The clock is ticking on Article 50, which, if not extended, will see the UK leave the EU without a deal on March 29. Here’s what could happen next.
Leigh Himsworth, equities portfolio manager, said: “In order to move to plan B there is need for agreement in parliament and statute to move forward, something that Tuesday’s vote has proved will be extremely difficult to achieve. A proposal on a second referendum, or a Norway option or a Canada option, needs to be passed by parliament. However, there is little majority achievable for any option with so many apparent disparate factions all eyeing their own favoured stance.
“For investors there are many implications. Equities represent excellent value following the market declines we saw in the final quarter of 2018. The Brexit factor also means that the UK represents further value on top of this and I would suggest it would be correct to invest in UK equities where they are comparable to an overseas company, such as BP versus Total or a UK bank versus an overseas bank. For me, there is little substitute for a balance in portfolios and perhaps a good exposure to yield and longer-term growth, to provide some political immunity.
“Perhaps perversely, a no-deal Brexit, whilst painful in the short-term, would give businesses the certainty they are craving. Knowing what tariffs they face, or what regulations for hiring staff, at least would enable them to make decisions. To keep ‘kicking the can down the road’ suits very few people other than MPs and constitutional lawyers.”
Anna Stupnytska, head of global macro and investment strategy, said: “It is hard to say where the true fair value is for sterling at the moment and impossible to say where it will settle over the next one to five years. It will ultimately depend on the UK’s final status and policies on investment and productivity. This means we cannot say with a high degree of confidence that sterling is undervalued and should mean revert on a sustainable basis as the uncertainty clears. Equally we cannot confidently say it is overvalued. In this sense, politics does not matter as much as policy.”

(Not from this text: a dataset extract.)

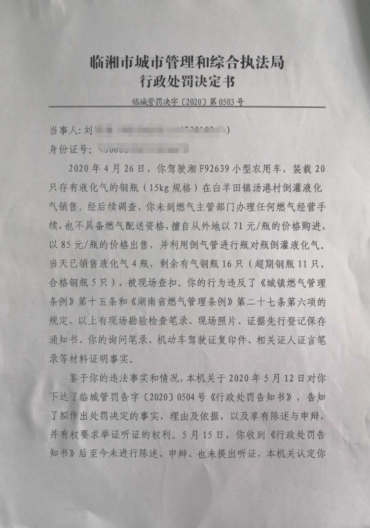 对刘某违法违规无证经营液化气、倒灌液化气行为的行政处罚
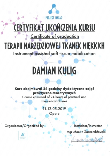 Uważam, że fizjoterapia jest dziedziną, w której nieustannie należy się doskonalić i zdobywać nową wiedzę, dlatego w swojej pracy wykorzystuję tradycyjne techniki fizjoterapii, jak i nowatorskie metody poznane na specjalistycznych kursach. Obecnie jestem w trakcie odbywania Specjalizacji. Pracując z pacjentami najczęściej wykorzystuję techniki z zakresu terapii manualnej, igłoterapii, kinesiotapingu, masażu, terapii powięzi. Ostatnio stałem się wielkim fanem terapii narzędziowej, która pozwala osiągnąć niesamowite efekty w pracy fizjoterapeuty, szczególnie z osobami aktywnie uprawiającymi sport. W gabinecie zwracam szczególną uwagę na komfort pacjenta i przyjazną atmosferę. Staram się także tłumaczyć pacjentom co dzieje się z ich ciałem, oraz jaki będzie przebieg i wpływ terapii na zdrowie i samopoczucie. Pozwala to na dokładniejsze zrozumienie problemu z jakim zmaga się pacjent, a także pozwala na pełne zaangażowanie w proces terapeutyczny.

Toby Gibb, head of equities investment directing, said: “The endgame remains very uncertain, with a no-deal Brexit and another referendum still possibilities. This uncertainty is likely to create further market volatility which in turn will create opportunities. UK assets are pricing in a lot of Brexit risk and as a result are very cheap relative to other markets and to their history. In certain cases, this discount is not justified, creating some very compelling opportunities for a long-term investor.
“On balance, the result of Tuesday’s vote reduces the likelihood of a hard Brexit. The prime minister has said that (provided she wins the no-confidence vote), she will work across parliament to find amendments to her deal that would be amenable. Given that the vast majority of parliament are opposed to a hard Brexit, these amendments are likely to be ‘soft’ in nature. She only has a few days to do this, however!”